As Keith mentioned during the quarter, we elected to sell our real estate complex in Gillette, Wyoming. The property has been listed as -- listed for sale with a commercial realtor, and therefore was moved to discontinued operations in the income statement and statement of cash flows. Subsequent to the end of quarter, we obtained a $10 million loan from a commercial bank to pledge Remington Village as collateral on that loan. The proceeds from the loan will be used to fund our oil and gas programs and overhead expenses.
As disclosed in our 10-K for the year ended December 31, 2010, we borrowed $3 million under our senior credit facility with BNP Paribas in February of 2011. The $3 million borrowed under the BNP senior credit facility was used to purchase our interest in our Eagle Ford oil properties. During the quarter ended March 31, 2011, we recorded a net loss after taxes of $2.2 million, or $0.08 per share as compared to income of $1.5 million, or $0.06 per share for the quarter ended March 31, 2010. Our balance sheet remains strong at March 31, 2011, with working capital of $20.8 million, and very little debt. We had cash and cash equivalents of $7.7 million, plus marketable securities of $8.2 million at March 31, 2011. I'd now like to turn the call back over to Keith Larsen.
- CEO
Thank you, Scott. I'd like to close the call today by mentioning that while we experienced issues during the quarter that worked against our bottom line, we continue to believe our projects will deliver strong results in the coming quarters. To recap the key points from today's call, I'd like to mention that we anticipate new production from coming online in the second quarter, and have multiple opportunities to expand our core programs through the drill bit.
We've announced a second successful infield well with the Brad Olson unit with Brigham. We currently have two wells simultaneously being completed, and anticipate production results from three Bakken wells by the middle of this month. the Zavanna drilling program is also underway in the Williston Basin, and we look forward to the next step in the program which will be to begin completion initiatives on our inventory of wells in July, with completion initiatives to continue throughout the year. We expanded our exposure to oil and established a new partnership through the Crimson Eagle Ford deal announced in February, and anticipate initial results from this program in July.
We're also looking forward to kicking off our program with Cirque in California in the near term, and we are actively gearing up for operatorship in the Colorado project for mid-summer. In this regard we continue to add technical staff to our team. In the past few months we have hired a senior land man and a contract drilling engineer who will work alongside our in-house senior geologist who has made many contributions to the direction of our programs during his tenure over the past year.

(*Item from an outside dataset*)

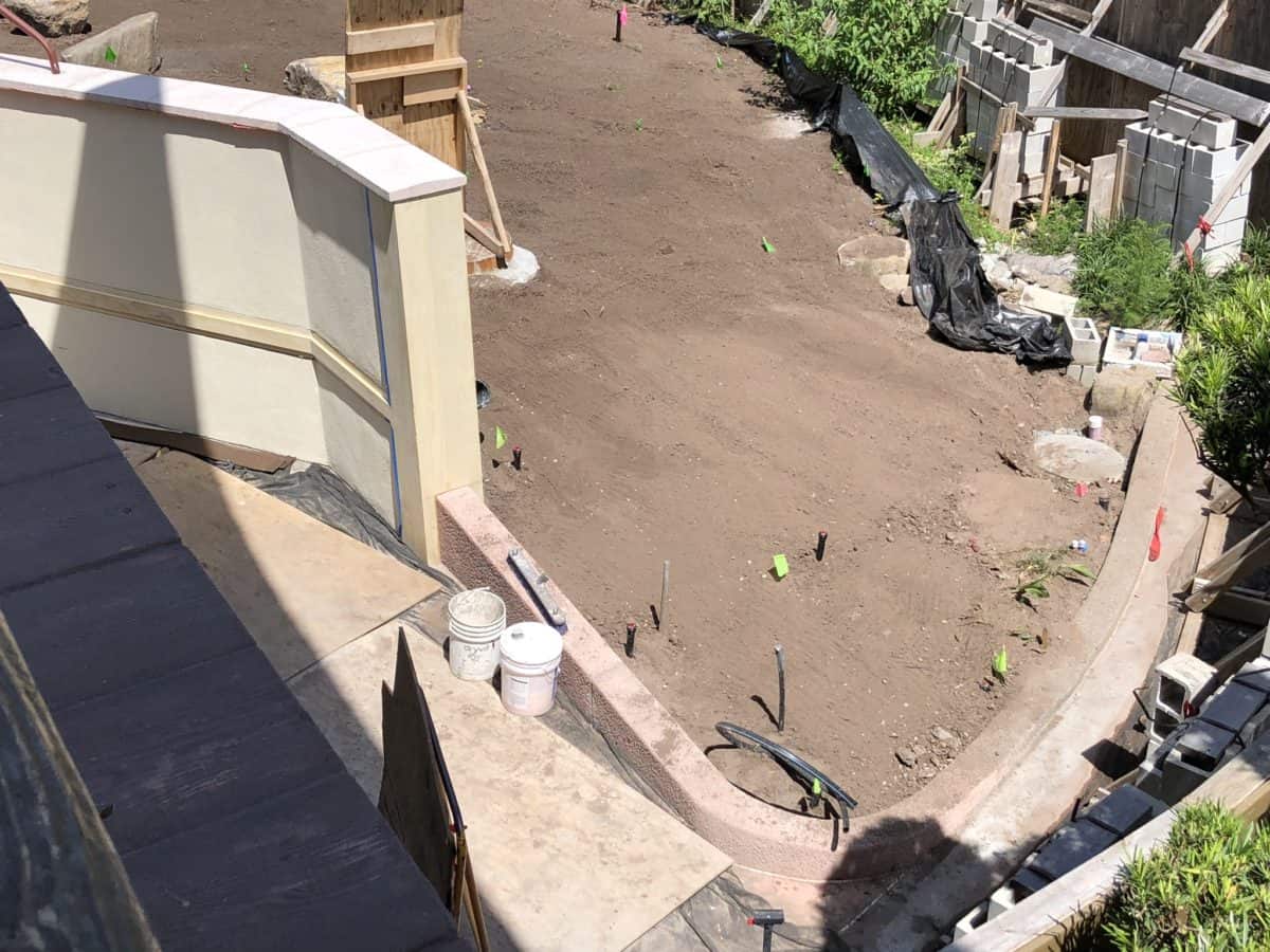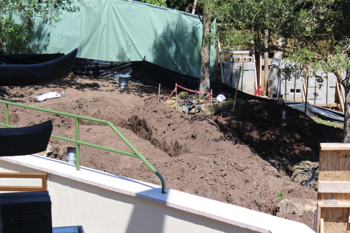 They’ve got some space dug up here, I’m hoping it’s for a water feature of some sort. There were visible pipes around this area for a long time until they covered it with dirt.

Our new land man Pat Curvin joined US Energy in April. Mr. Curvin has over 25 years of experience in various basins and plays throughout the US, and previously worked for Quantum Resources and Chevron Texaco. Mr. Curvin earned a JD degree from Oklahoma City School of Law, and a BA degree in the Petroleum Land Management program from the University of Texas at Austin.
Bill Duncan has been retained as a full-time contracting consult an as a drilling engineer for the Colorado Apache project. Mr. Duncan is a veteran in the oil and gas industry with more than 40 years of experience in petroleum engineering, drilling, and operations design and management, and previous employers include Mobile Oil Company and Union Oil. He's a graduate of the University of Wyoming with a BS in Petroleum Engineering. Mr. Duncan will provide strength of drilling and production leadership.
Lastly we have also recently hired Arthur Evans to succeed Scott Lorimor as the Company's Chief Financial Officer effective July 1, 2011. Prior to joining US Energy Mr. Evans was the Chief Financial Officer, Treasurer, and Chief Compliant Officer for Tri-Valley Corp., a publicly traded oil exploration and production company. Through his many years of experience, Mr. Evans brings a full range of accounting, SEC compliance, financial management in mergers and acquisitions, experience to the US Energy management team. Mr. Evans has a Bachelor of Science in Accounting from Webber State University, an MBA in Finance from Golden Gate University, and an MS in Systems Management from the University of Southern California. His professional designations included Certified Public Accountant, Certified Management Accountant, and Certified Financial Manager.
As I stated on this morning's press release I am pleased to work with -- pleased to welcome Art to our team, and look forward to working with him in the coming weeks as we transition towards Scott's retirement. Art has extensive SEC reporting experience, combined with a full range of transactional experience. He will be a tremendous asset to the US Energy team.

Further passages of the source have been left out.